There’s just something cozy about autumn aromas coming from the oven by day, culminating with steaming plate of home-cooked comfort food. Even if you’re laying low for the holidays this year, you can re-create your favorite family recipes that bring you back home with every bite. No Thanksgiving spread is complete without sweet potatoes or yams, and this Gluten Free Sweet Potato Souffle Recipe delivers the creamy, sweet experience without all of the sugar that traditional recipes call for.

This recipe calls for small amounts of coconut sugar and maple syrup so that you get the fall flavors you crave, without the sugar crash later.

Here’s how to make it.

Gluten-free Sweet Potato Souffle Recipe

Serves: 8

Time in the kitchen: 60 minutes, including 35 minutes baking time

Ingredients

For the souffle

  • 6 medium/large sweet potatoes (mine were 6-8” long)
  • 1 tbsp. avocado oil
  • 1/4 cup almond milk (I used Elmhurst1925 brand)
  • 1 tbsp. maple syrup
  • 1 tbsp. coconut sugar
  • 1 tsp. vanilla extract
  • 2 tbsp. coconut flour (I used Bob’s Red Mill Brand)
  • 2 tbsp. almond flour
  • 1-2 tsp. cinnamon
  • pinch of salt
  • 3 egg yolks
  • 4 room temperature egg whites

For the pecan topping

  • 1.25 cups pecans – some halved, some crumbled
  • 3 tbsp. very soft salted butter or ghee
  • 1/2 cup + 2 tbsp. almond flour
  • 1.5 tbsp. coconut sugar

Directions

Preheat your oven to 375 degrees Fahrenheit. Slice the sweet potatoes in half and toss them in avocado oil. Place them cut-side down on a baking dish or baking sheet and roast for about 50-60 minutes, or until they are soft.

While the sweet potatoes are roasting, make the pecan topping. Place the pecans in a bowl along with the butter, half of the almond flour and coconut sugar. Mix to combine so the butter coats the pecans and a crumble forms.
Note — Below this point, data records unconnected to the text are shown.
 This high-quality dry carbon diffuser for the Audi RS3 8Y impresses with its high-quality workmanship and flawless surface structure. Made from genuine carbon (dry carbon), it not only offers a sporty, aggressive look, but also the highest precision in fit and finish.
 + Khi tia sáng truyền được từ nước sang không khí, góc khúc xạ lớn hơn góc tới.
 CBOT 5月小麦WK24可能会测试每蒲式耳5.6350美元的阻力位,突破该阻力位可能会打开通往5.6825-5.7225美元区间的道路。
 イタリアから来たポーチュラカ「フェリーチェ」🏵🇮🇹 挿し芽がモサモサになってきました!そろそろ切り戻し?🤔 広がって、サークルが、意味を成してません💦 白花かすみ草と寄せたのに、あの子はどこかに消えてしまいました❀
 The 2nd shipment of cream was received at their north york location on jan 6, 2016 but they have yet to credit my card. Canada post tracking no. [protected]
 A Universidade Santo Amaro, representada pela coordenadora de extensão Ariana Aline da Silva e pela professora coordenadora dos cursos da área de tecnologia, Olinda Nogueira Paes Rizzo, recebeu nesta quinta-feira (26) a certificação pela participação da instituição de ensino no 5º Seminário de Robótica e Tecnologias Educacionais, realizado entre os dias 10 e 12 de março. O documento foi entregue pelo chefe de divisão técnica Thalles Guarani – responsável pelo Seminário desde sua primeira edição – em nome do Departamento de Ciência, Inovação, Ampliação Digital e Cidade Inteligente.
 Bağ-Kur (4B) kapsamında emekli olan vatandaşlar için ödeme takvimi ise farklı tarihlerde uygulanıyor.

Gently fold in the remaining almond flour.

Allow the sweet potatoes to cool a little, then scoop the insides out into a food processor. Add the almond milk, maple syrup, coconut sugar, and vanilla extract and pulse to combine.
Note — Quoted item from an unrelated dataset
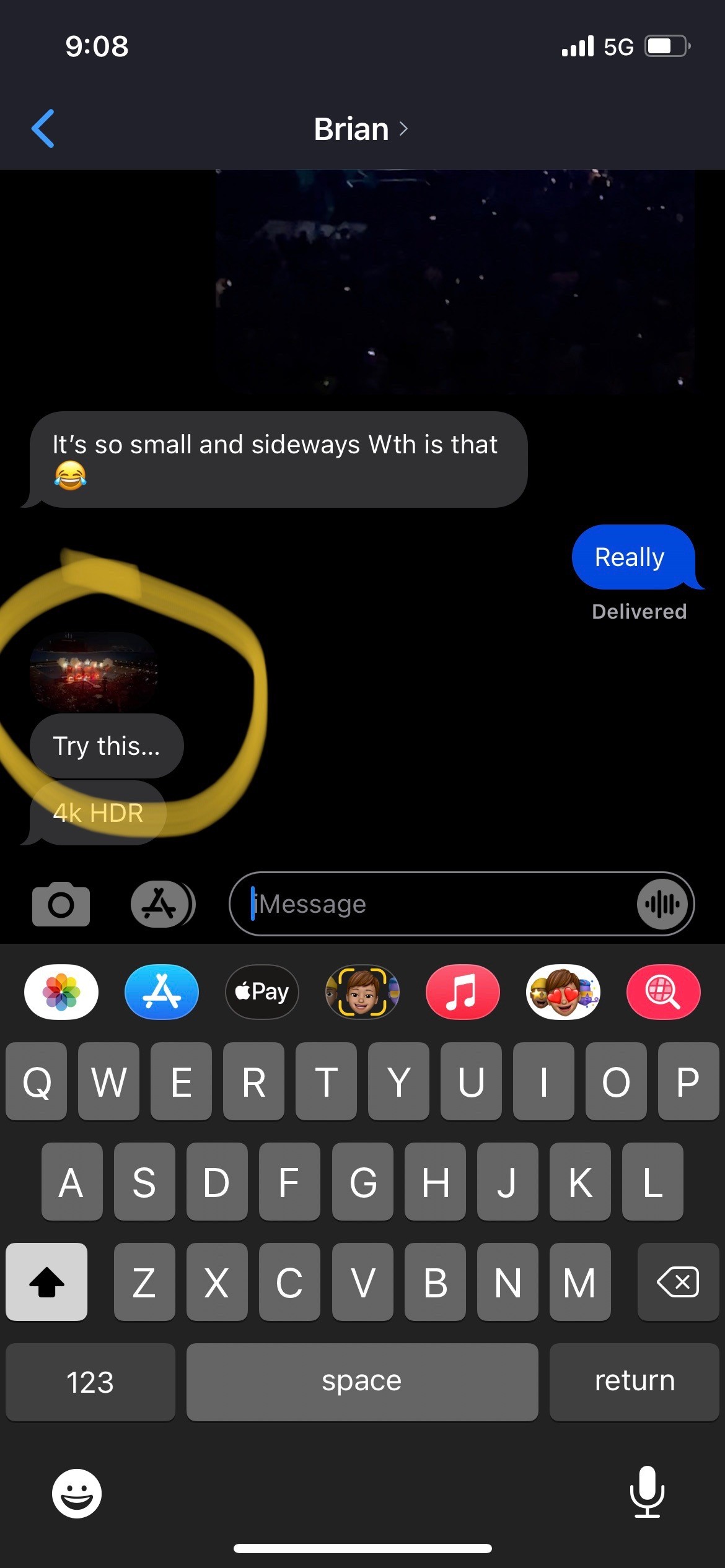 Sending compressed video only on 5g phones. Gives the option to download the videos for the recipient and the download is still compressed. Also, longer videos force you to shorten them as if you were sending MMS message. My iCloud Photos is set to "Download and Keep Originals", my Camera is set to film 4k 60fps video. I've talked to Apple Support over the phone and asked them to report to the engineers at Apple. This is a serious downgrade from the functionality on 4g LTE, this is a major feature that was essential to iMessage was sending 4k video and this needs to be patched. There is zero settings that will fix this behavior that I, or Apple Support is aware of.

Then add the cinnamon, coconut flour, almond flour and salt and blend. Add the egg yolks and blend until smooth. Pour the sweet potato mixture into a large bowl.
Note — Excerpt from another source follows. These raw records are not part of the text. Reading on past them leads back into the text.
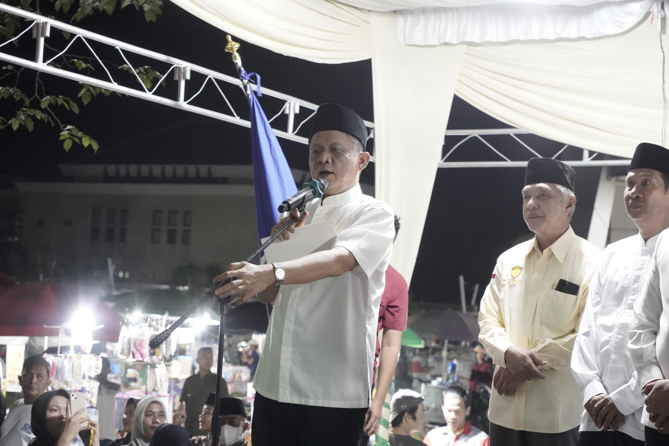 Pelepasan 437 Jemaah Calon Haji (JCH) Kloter 1 Embarkasi Palembang asal Kabupaten OKU Timur, Senin malam, 20 April 2026. Acara yang digelar di Balai Rakyat Setda OKU Timur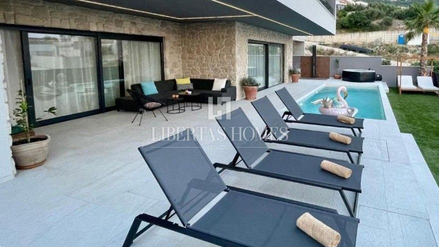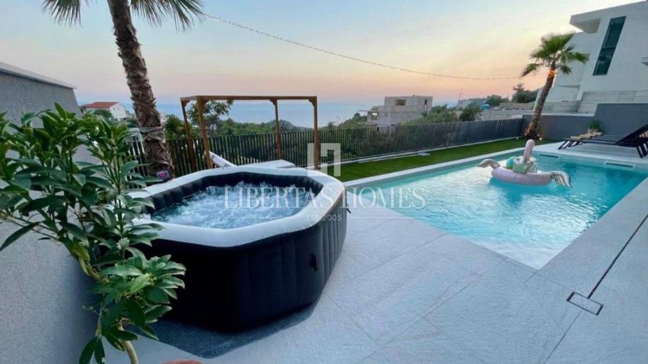 Predstavljamo na prodaju luksuznu vilu novije gradnje s bazenom i otvorenim pogledom na more, smještenu u mirnom i atraktivnom okruženju. Kuća se sastoji od tri odvojene stambene jedinice raspoređene kroz prizemlje i dvije etaže, što je čini idealnom za život većih obitelji, više generacija ili kao investiciju za turistički najam.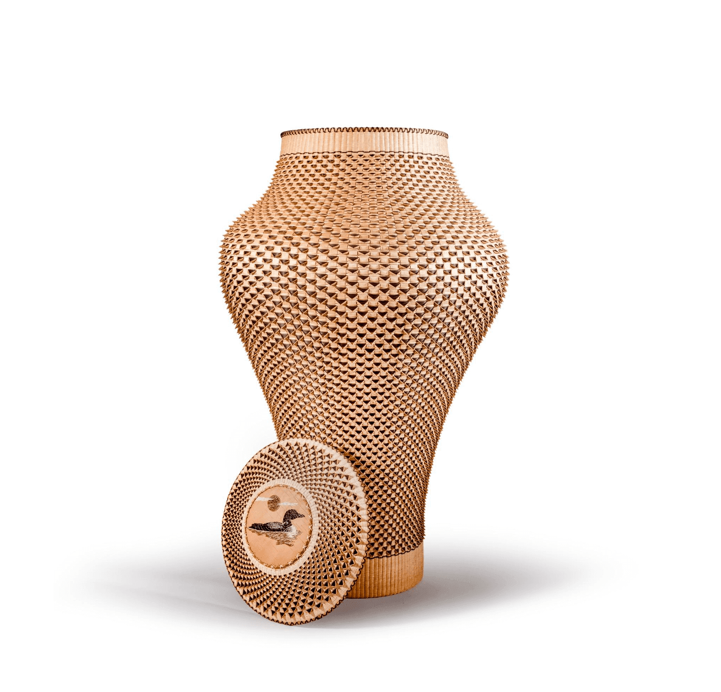 Jeremy Frey, Loon, 2020. Ash, cedar bark, porcupine quill on birch bark, and dye, 36″ x 23″ x 23″. Private collection of Catherine Stiefel, California. © Jeremy Frey. Photo by Eric Stoner.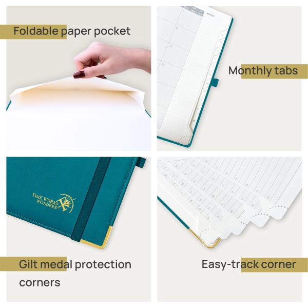 100GSM Ivory Paper 2 Page Weekly Planner Pacific Green PU Cover

Whip the room temperature egg whites in a glass or metal bowl using a whisk or stand mixer until they start to get frothy (see the Tips section for tips on whipping your egg whites.) Keep whisking until soft peaks form.

Gently fold the egg whites a little at a time into the sweet potato mixture until they are incorporated evenly into the sweet potatoes.

Spread the sweet potato mixture into a lightly greased 9×13 baking dish.

Sprinkle the pecan mixture all over the top.

Reduce the oven heat to 350 degrees and bake for about 35 minutes, or until the sweet potato feels firm yet springy.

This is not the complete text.